I know it is tough out there. I made it tough for you so I should know.
Look, I’m not stupid, I am well aware that this virus thingummybob has done its worst already and we know that all these lockdown measures, restrictions and office and business closures we introduced make next to no difference except for ruining our economy.
But the scientific-y medic types with long serious faces who I’ve handed over the reins to conveniently tell me that there is a chance that things might get worse again although there is absolutely no evidence that it’s likely. So that is obviously very scary and I must act, which is why I am determined to continue to make life as difficult for you as possible and ruin your social life, family life, leisure and sports activities, job prospects etc. and make you very worried about your long-term future. I’m sure you can see the benefit of such a thoughtful approach. You cannot be too careful, as the saying goes.
You may have noticed that we listen to only the gloomiest of these medics. It makes sense. If they were more optimistic and wrong then they’d be out of a job (and so might I). Being pessimistic and wrong carries no penalty for them or me so of course they carry on being pessimistic. It’s a win-win. And they, like me, do like winning. It’s not so good for you at the moment but I’m sure you’ll pull through and the hard truth is that your job isn’t as important as mine.
It’s very clear to me why it is useful allowing these hopeless modellers and boffins with no experience of the real world to rule the roost, and why although they are discredited we listen to them and encourage them to pop up on the telly and radio all the time.
I’ll tell you why. Victory, that’s why. I like victory and I like victorious people. That’s why I wrote a biography of Churchill. I like the feeling of victory and the way to get it is to constantly talk about a battle even if you must make one up. The war on terror was a bit like that and look how well that went.

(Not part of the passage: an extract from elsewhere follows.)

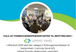 I efteråret 2025 skal der vælges 2 forbrugerkandidater til bestyrelsen i Lemvig Vand A/S. Valget foregår elektronisk i perioden 9. – 22. oktober 2025. Læs mere i denne artikel.

My battle with Covid is huge and I’m uniquely qualified to know what to do because I’ve had it. You see, having the disease gives me special insight into the economic effect of the lockdown, the cost of ruining your welfare and of making you miserable and scared. Everyone believes me, so being a victim has helped me enormously. You should try being one yourself, it really helps you get on in life.
If we waste billions of pounds of your money pretending we can eliminate the virus which most experts say can’t be eliminated, just like we can’t eliminate cold and flu viruses, but luckily is pretty harmless to 99.5 per cent of the population, I can declare a victory and prepare for the next battle. You will suffer but in a great cause. That cause is victory.
Even now you may still be wondering why I take a blind bit of notice of these eggheads when they have been so utterly wrong, and I’m going to level with you and be completely honest. It makes life a hell of a lot easier for the government if people are compliant – and we do believe in compliancy as you can see by our stream of announcements about what you must do, on pain of fines or being branded a pariah by the compliants.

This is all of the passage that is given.